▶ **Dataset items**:
--

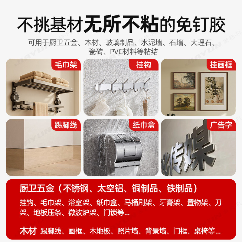 高粘度免钉胶贴墙专用粘得牢金属墙面置物架挂钩瓷砖地板踢脚线
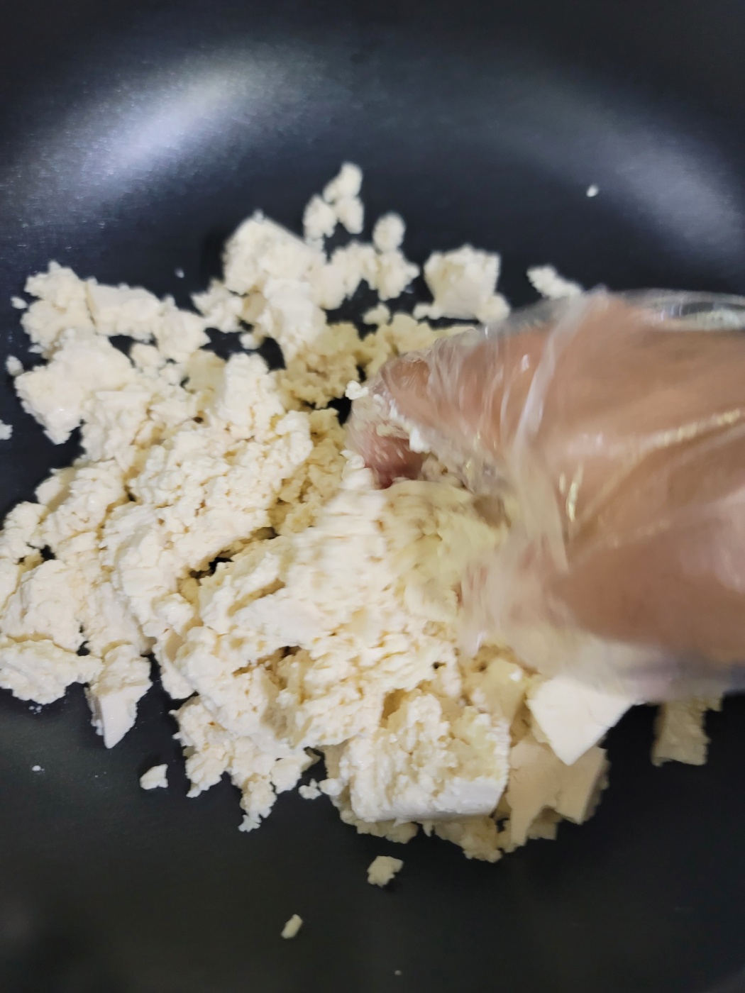 물을 뺀 두부를 팬 위에 올려줍니다. 손으로 최대한 작게 으깨줍니다.
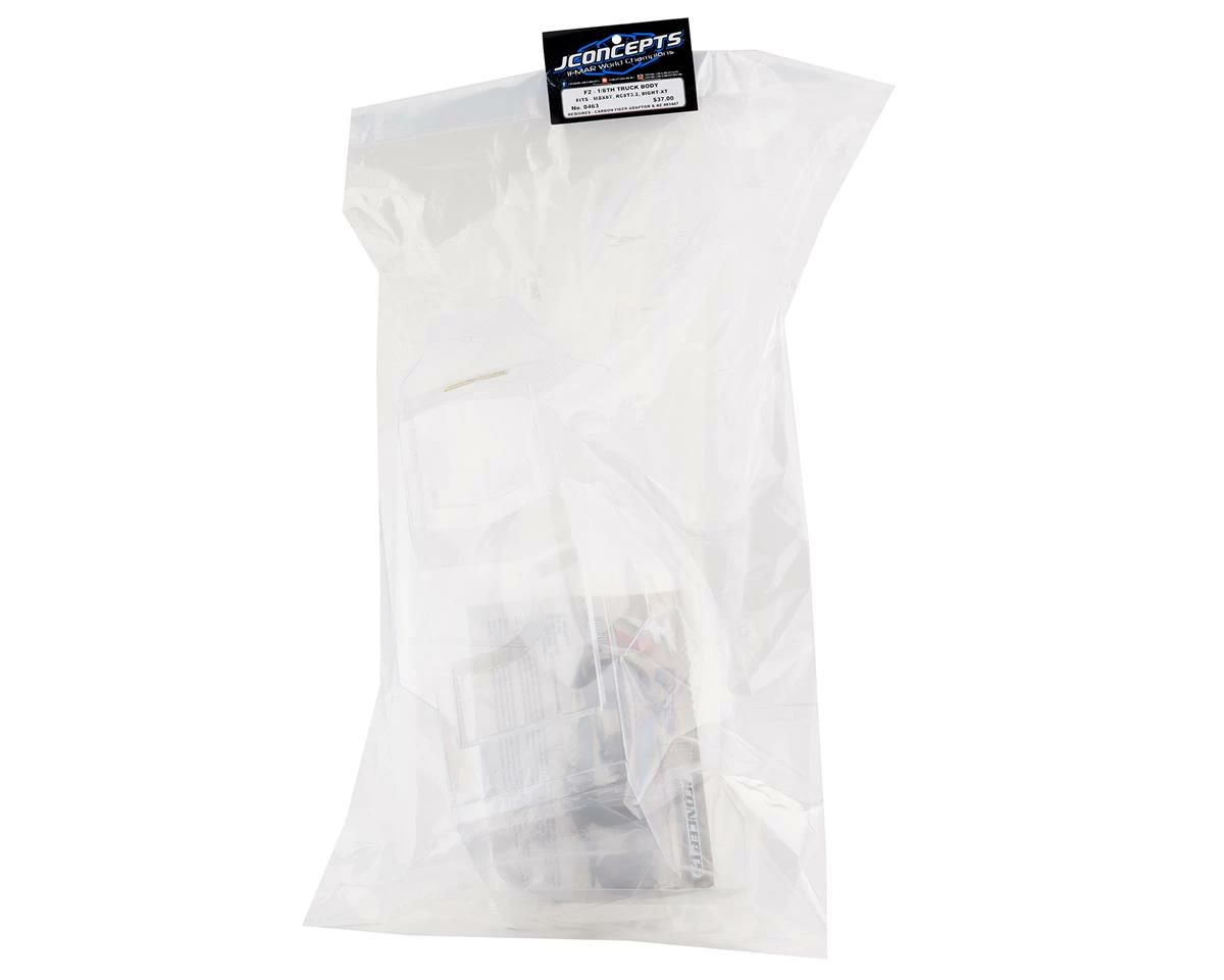 The JConceptsย F2 1/8 Truggy Body is a great option for those wanting great performance and style. This polycarbonate body shell comes clear to add your own custom paint scheme. Featuring a raised nose off the shock towers to provide a better looks and aerodynamics. A narrow shape, double upper railed cab and inner louvers are carried are used to keep with existing truggy styling. To finish the look, this body gets a recessed bed area leading to a spoiler outlet in the bed near the mounting area. JConcepts has taken the next step in design by creating one body that that fits a variety of chassis using a separate body mounts (sold separately) for that specific vehicle.
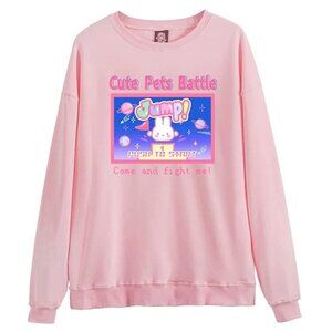 Add a pop of playful style to your wardrobe with this Starry Collector Pastel Goth Harajuku sweatshirt. Featuring a unique cartoon pet battle design, this lightweight long sleeve crewneck offers a loose, oversized fit in soft pink with a touch of stretch.
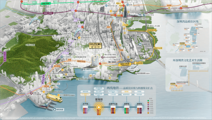 望海玥步行几分钟就可达2号地铁线“东角头站”,2站海上世界,4站后海。预计今年底,13号线二期南延段建成通车,1站地铁直达建设中的深圳歌剧院,3站接驳深圳湾口岸,届时将一线承接港客北上的流量。
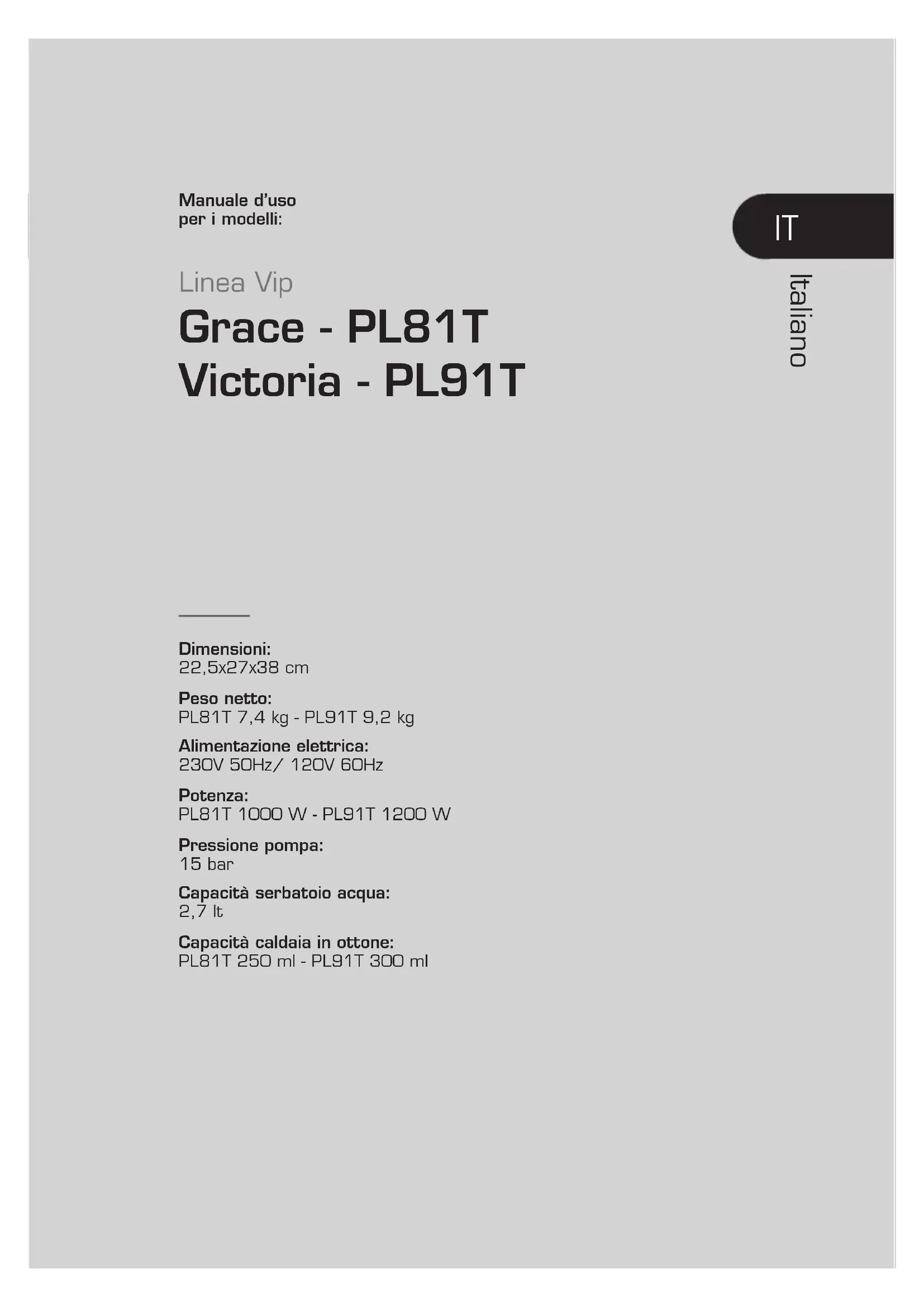 27VIP Line - Grace - PL81T · Victoria - PL91T 28Dimensioni: 22,5x27x38 cm Peso netto: PL81T 7,4 kg - PL91T 9,2 kg Alimentazione elettrica: 230V 50Hz/ 120V 60Hz Potenza: PL81T 1000 W - PL91T 1200 W Pressione pompa: 15 bar Capacità serbatoio acqua: 2,7 lt Capacità caldaia in ottone: PL81T 250 ml - PL91T 300 ml Linea Vip Grace - PL81T Victoria - PL91T Manuale d’uso per i modelli: Italiano ITLinea VIP - Grace - PL81T · Victoria - PL91T
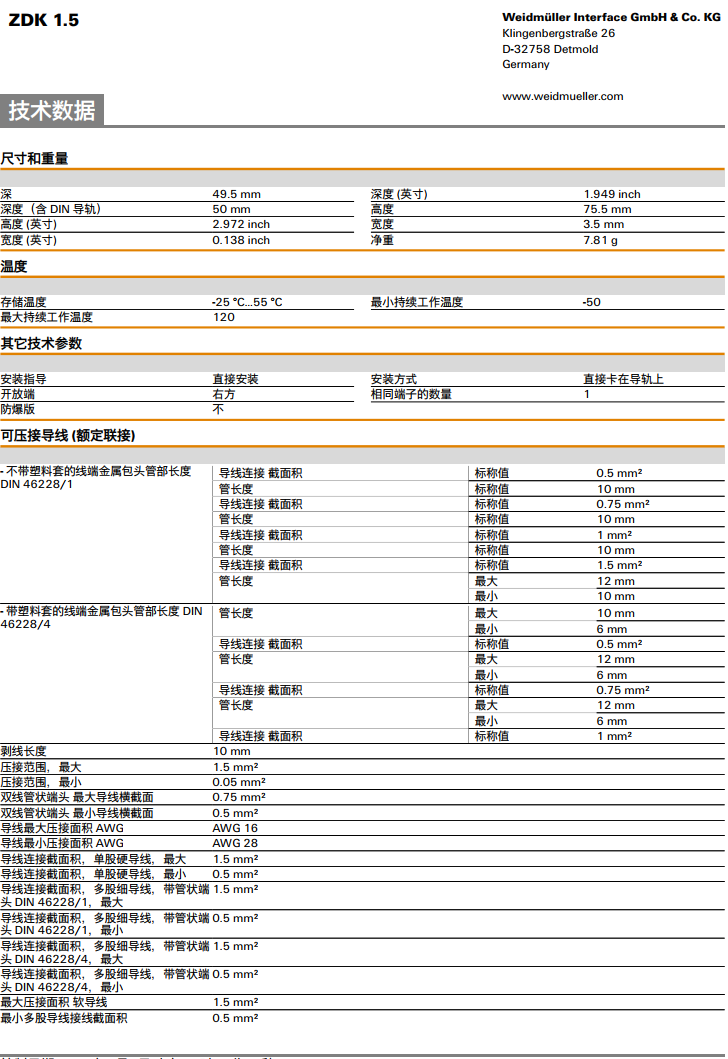 Weidmuller ZDK 1.5 魏德米勒 直通型接線端子 訂貨號1791100000 |

--

▶ **Required action**: Start with the first line of the records above and end with the line containing "물을 뺀 두부를 팬 위에 올려줍니다. 손으로 최대한 작게 으깨줍니다.". Output those lines exactly, pictures excluded.

▶ **Answer to the problem**:
 高粘度免钉胶贴墙专用粘得牢金属墙面置物架挂钩瓷砖地板踢脚线
 물을 뺀 두부를 팬 위에 올려줍니다. 손으로 최대한 작게 으깨줍니다.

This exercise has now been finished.